## Aim of the exercise
Please transcribe only the lines between the one containing "10156 - حدّثنا" and the end of the records, both ends included, exactly as written; skip every picture.

[Items listed in a dataset]

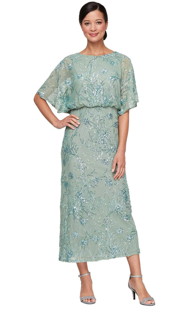 Shine with immaculate elegance in this gorgeous S.L. Fashions 9496478 creation. The dress will make a statement with its floral embroidered mesh and sequin embellishment. The blouson bodice and sheer capelet sleeves bring a touch of movement, while the tea-length sheath silhouette ensures a polished finish. Designed with a flattering bateau neckline, this dress effortlesS.L.y transitions from formal luncheons to evening receptions. Exude poise at your next sophisticated gathering in the S.L. Fashions 9496478 masterpiece. Model is wearing Sage color in Missy size for reference.
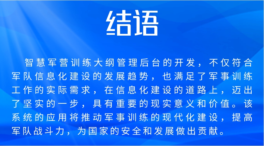 智慧軍營訓練大綱管理后臺的開發,不僅符合軍隊信息化建設的發展趨勢,也滿足了軍事訓練工作的實際需求,在信息化建設的道路上,邁出了堅實的一步,具有重要的現實意義和價值。該系統的應用將推動軍事訓練的現代化建設,提高軍隊戰斗力,為國家的安全和發展做出貢獻。
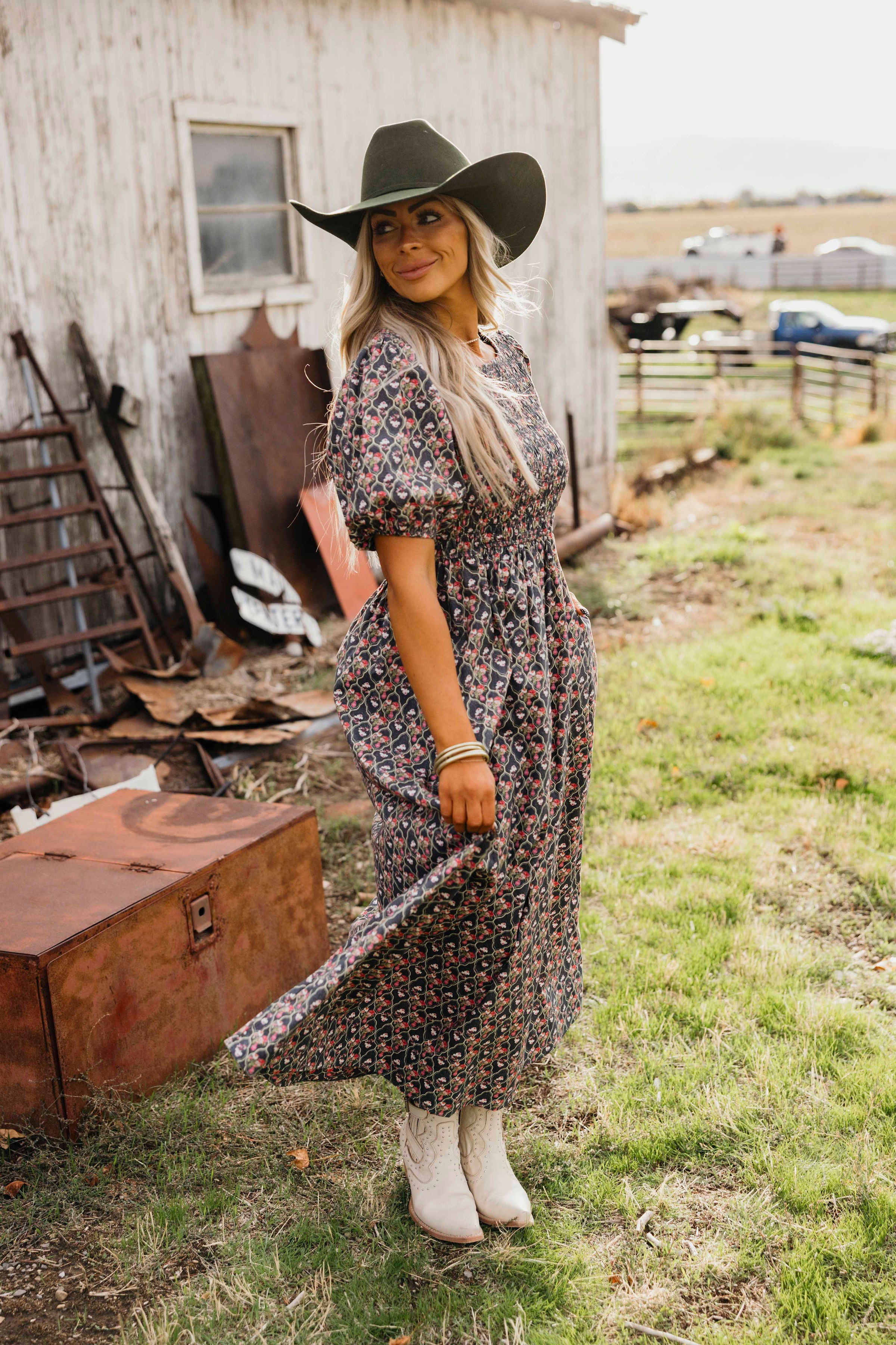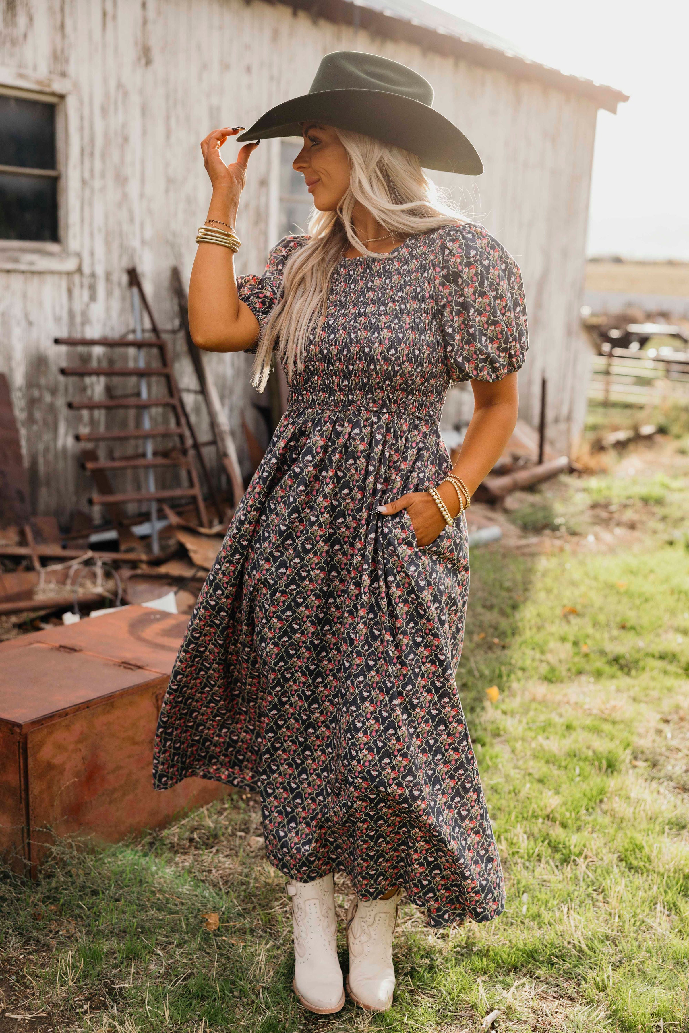 The Fenna Dress brings playful charm with its floral print and smocked bodice, perfectly blending western vibes and feminine style. Its short puff sleeves add a flirty touch, while the mid-length cut keeps it effortlessly chic. Practical side pockets and a lined interior ensure comfort and convenience throughout fall adventures. Embrace cozy days with a dress that’s as fun as it is flattering.
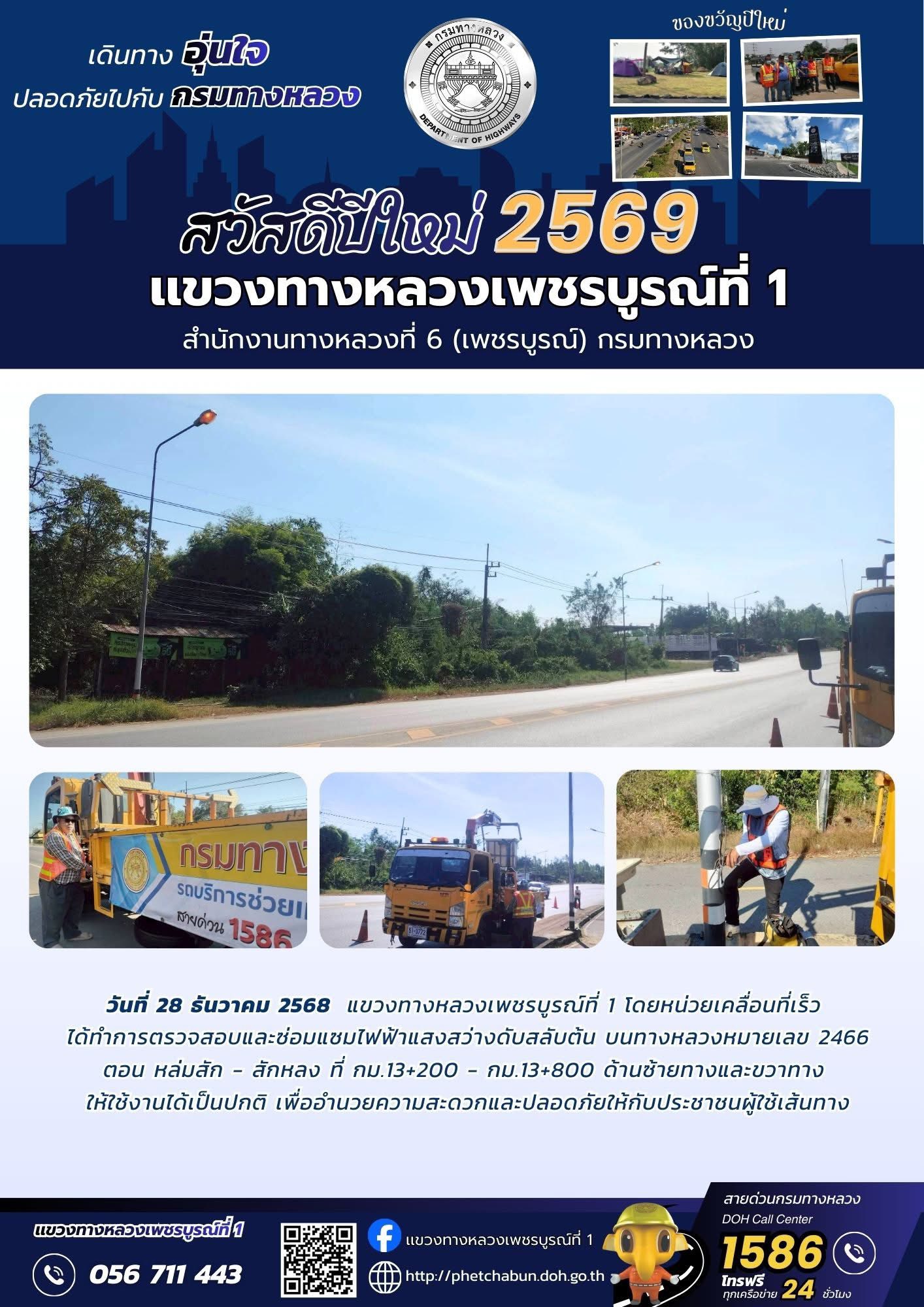 แขวงทางหลวงเพชรบูรณ์ที่ 1 โดยหน่วยเคลื่อนที่เร็ว ได้ทำการตรวจสอบและซ่อมแซมไฟฟ้าแสงสว่างดับสลับต้น บนทางหลวงหมายเลข 2466 ตอน หล่มสัก - สักหลง ที่ กม.13+200 - กม.13+800 ด้านซ้ายทางและขวาทาง ให้ใช้งานได้เป็นปกติ เพื่ออำนวยความสะดวกและปลอดภัยให้กับประชาชนผู้ใช้เส้นทาง
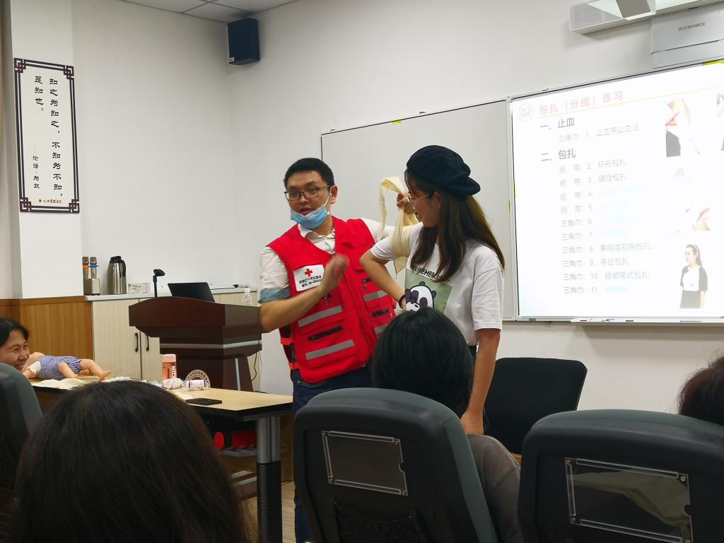 欣逢中国共产党建党百年,党史学习活动在亚博官网上下如火如荼地开展。牢记初心使命,强化公仆意识,关心弱势群体,办实事、开新局是学史力行的应有之义。为进一步培养学生的人道主义救助精神,增强学生的安全防范意识,提高学生的应急避险和互救能力,亚博官网于6月26日在萃文楼105教室组织开展了第二期“红十字救护员”培训。成都市武侯区红十字会救护讲师林久捷担任主讲老师,王懿担任辅讲老师,亚博官网30余名学生参加了此次培训。
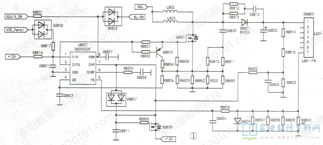 测得UB801 (OB3350CP) 的12V供电正常,插座CNB801的①脚(LED+ )电压约为90V。查询资料得知,本机LED背光工作电压在120V~147V之间,工作电流为280mA~320mA。判断该机升压电路没工作,造成VBL电压因空载而升至约90V。
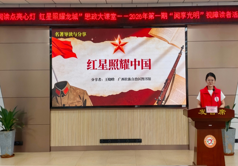 春风送暖,书香沁心。为深入推进全民阅读,4月9日,广西图书馆携手柳州市特殊教育学校,开展一场融合红色教育、文学体验与非遗实践的文化活动,为视障孩子们开启了温暖的书香之旅。在“阅读点亮心灯 红星照耀龙城”活动主题引领下,馆校协同的创新育人模式绽放新光彩。
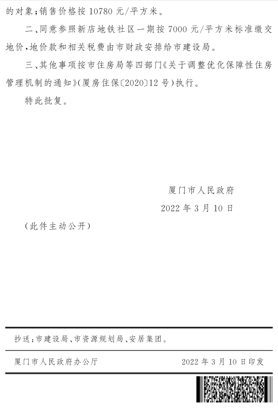 近日,廈門市人民政府發(fā)布關(guān)于新店保障房地鐵社區(qū)林前綜合體保障性商品房批量銷售有關(guān)事項的批復(fù)。
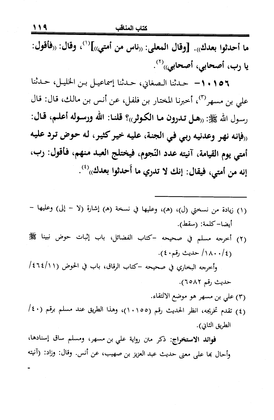 10156 - حدّثنا الصغاني، حدّثنا إسماعيل بن الخليل، حدّثنا علي بن مسهر (¬1)، أخبرنا المختار بن فلفل، عن أنس بن مالك، قال: قال رسول الله -صلى الله عليه وسلم-: "هل تدرون ما الكوثر"؟ قلنا: الله ورسوله أعلم، قال: "فإنّه نهر وعدنيه ربي في الجنَّة، عليه خير كثير، له حوض ترد عليه أمتي يوم القيامة، آنيته عدد النّجوم، فيختلج العبد منهم، فأقول: رب، إنّه من أمتي، فيقال: إنك لا تدري ما أَحدثوا بعدك" (¬2).
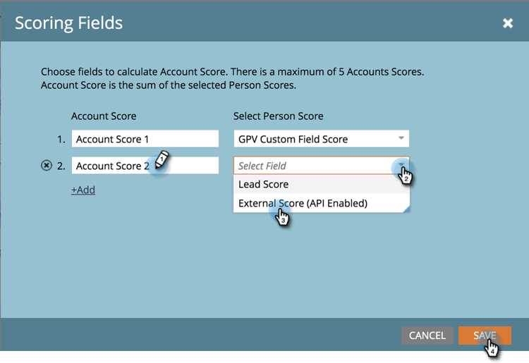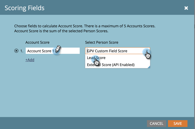 输入Account Score名称,单击 Select Person Score 下拉列表并选择相应的得分。
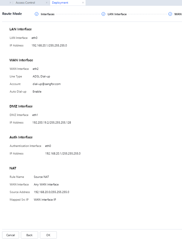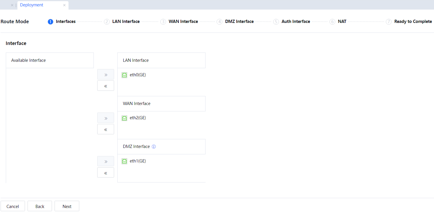 The default LAN interface is eth0, the default DMZ interface is eth1, and the default WAN interface is eth2. It is recommended that the positions of these network interfaces not be modified and conform to the device panel.
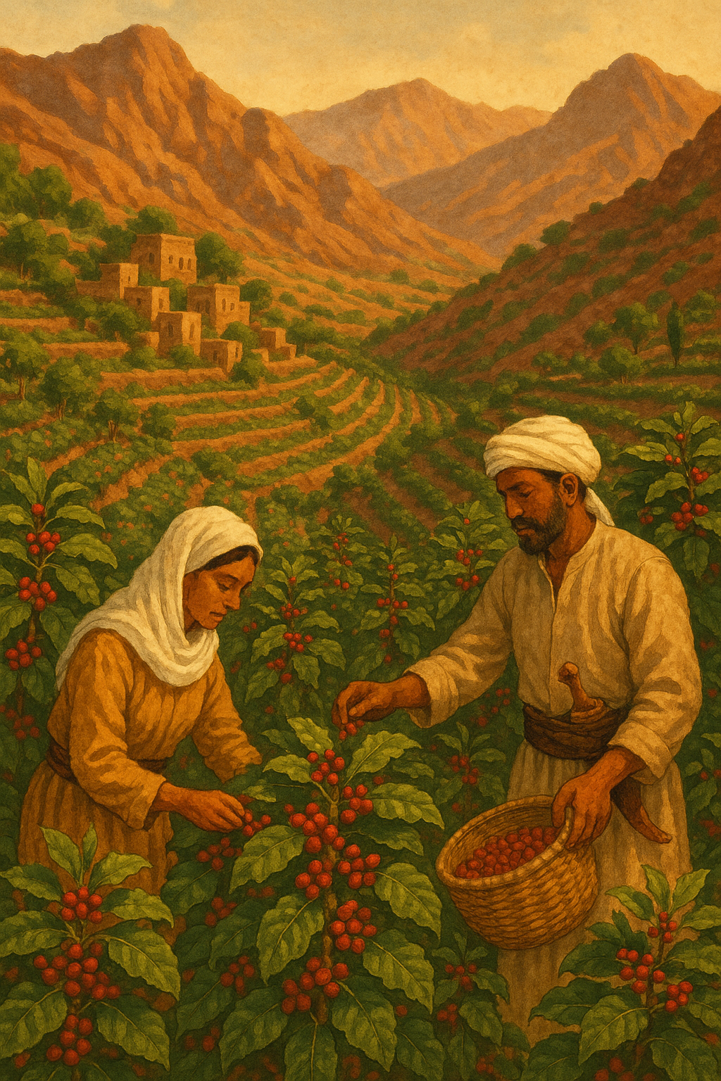 커피는 예멘의 산악 지형에서 재배되기 시작했습니다. 예멘 고원은 해발 1,500~2,000m 고지대가 많아 커피 재배에 적합했습니다. 특히 오늘날에도 유명한 모카(Mocha) 지역은 당시부터 커피 재배와 무역의 중심지였습니다.

## Result of the exercise
 10156 - حدّثنا الصغاني، حدّثنا إسماعيل بن الخليل، حدّثنا علي بن مسهر (¬1)، أخبرنا المختار بن فلفل، عن أنس بن مالك، قال: قال رسول الله -صلى الله عليه وسلم-: "هل تدرون ما الكوثر"؟ قلنا: الله ورسوله أعلم، قال: "فإنّه نهر وعدنيه ربي في الجنَّة، عليه خير كثير، له حوض ترد عليه أمتي يوم القيامة، آنيته عدد النّجوم، فيختلج العبد منهم، فأقول: رب، إنّه من أمتي، فيقال: إنك لا تدري ما أَحدثوا بعدك" (¬2).
 输入Account Score名称,单击 Select Person Score 下拉列表并选择相应的得分。
 The default LAN interface is eth0, the default DMZ interface is eth1, and the default WAN interface is eth2. It is recommended that the positions of these network interfaces not be modified and conform to the device panel.
 커피는 예멘의 산악 지형에서 재배되기 시작했습니다. 예멘 고원은 해발 1,500~2,000m 고지대가 많아 커피 재배에 적합했습니다. 특히 오늘날에도 유명한 모카(Mocha) 지역은 당시부터 커피 재배와 무역의 중심지였습니다.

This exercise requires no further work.